> _THE PROBLEM_
Pictures aside, each record should be reproduced exactly.
----
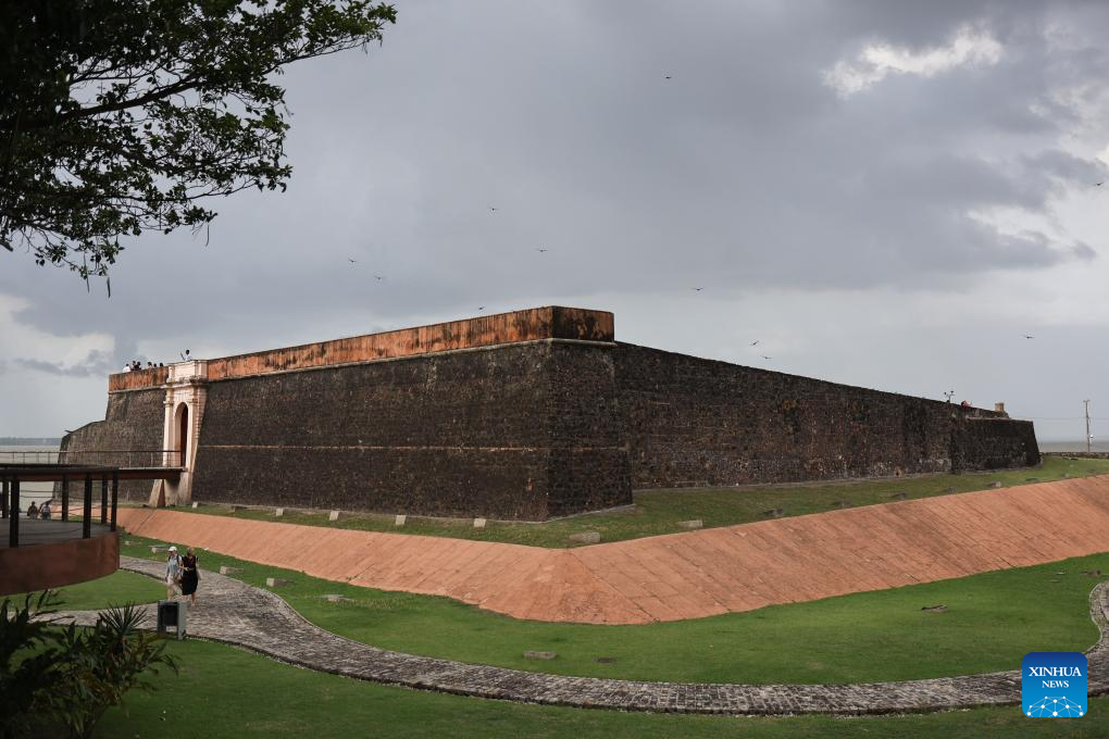 People visit the Forte do Presepio in Belem, Brazil, Nov. 16, 2025. (Photo by Claudia Martini/Xinhua)
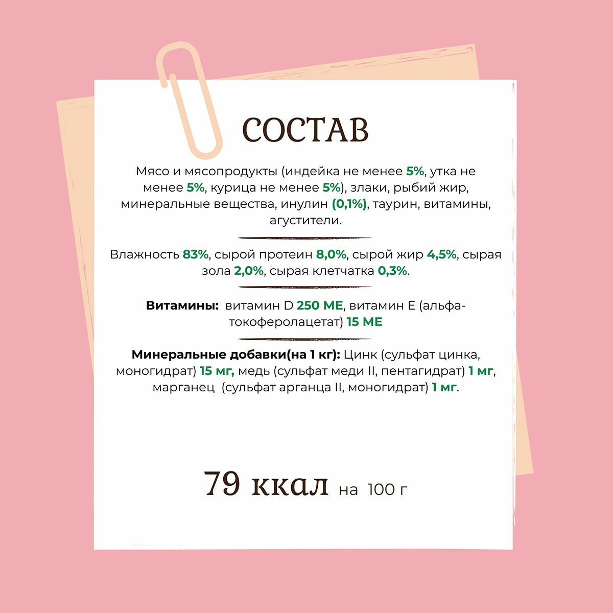 | Состав | мясо и мясопродукты (5% каждого вида птицы), злаки, минеральные вещества, инулин (0,1%) |
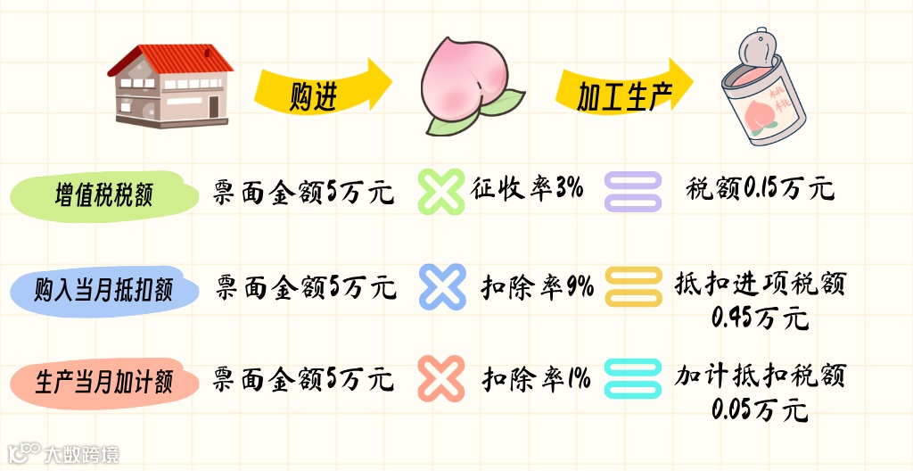 比如,某饮料厂从小规模纳税人处购进水果用于生产水果罐头(适用税率13%),取得增值税专用发票,票面金额5万元,征收率3%,税额0.15 万元,在购入当月,企业可抵扣进项税额0.45万元,在生产领用当月,再加计抵扣0.05万元。
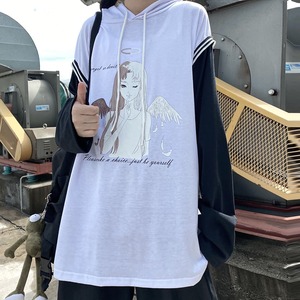 2020年秋の新女性版ins漫画プリントフード付きトップスルーズホワイトステッチ長袖Tシャツトレンド Brother_is_Style7154386
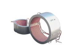 以履帶式加熱器做熱源,配以保溫材料及外殼,做成圍型對(duì)開(kāi)式加熱器,便于裝拆,適用于小型管道的局部加熱。最高工作溫度750℃。
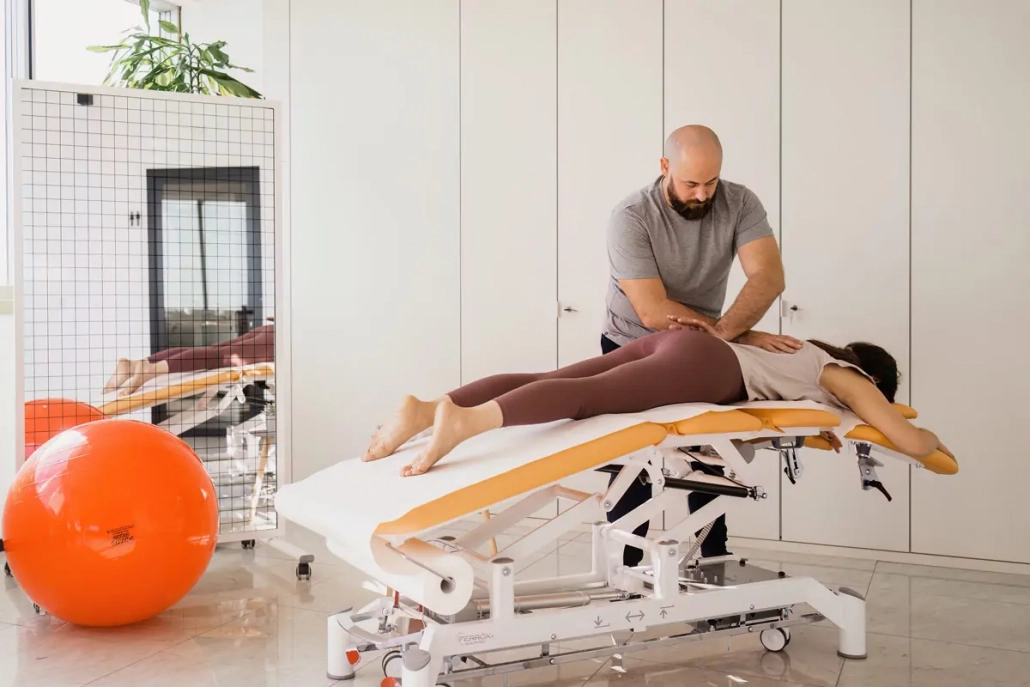 Table multifonctions à hauteur variable pour traitement, kinésithérapie et massages.
----
> _RESPONSE TO THIS TASK_
 People visit the Forte do Presepio in Belem, Brazil, Nov. 16, 2025. (Photo by Claudia Martini/Xinhua)
 | Состав | мясо и мясопродукты (5% каждого вида птицы), злаки, минеральные вещества, инулин (0,1%) |
 比如,某饮料厂从小规模纳税人处购进水果用于生产水果罐头(适用税率13%),取得增值税专用发票,票面金额5万元,征收率3%,税额0.15 万元,在购入当月,企业可抵扣进项税额0.45万元,在生产领用当月,再加计抵扣0.05万元。
 2020年秋の新女性版ins漫画プリントフード付きトップスルーズホワイトステッチ長袖Tシャツトレンド Brother_is_Style7154386
 以履帶式加熱器做熱源,配以保溫材料及外殼,做成圍型對(duì)開(kāi)式加熱器,便于裝拆,適用于小型管道的局部加熱。最高工作溫度750℃。
 Table multifonctions à hauteur variable pour traitement, kinésithérapie et massages.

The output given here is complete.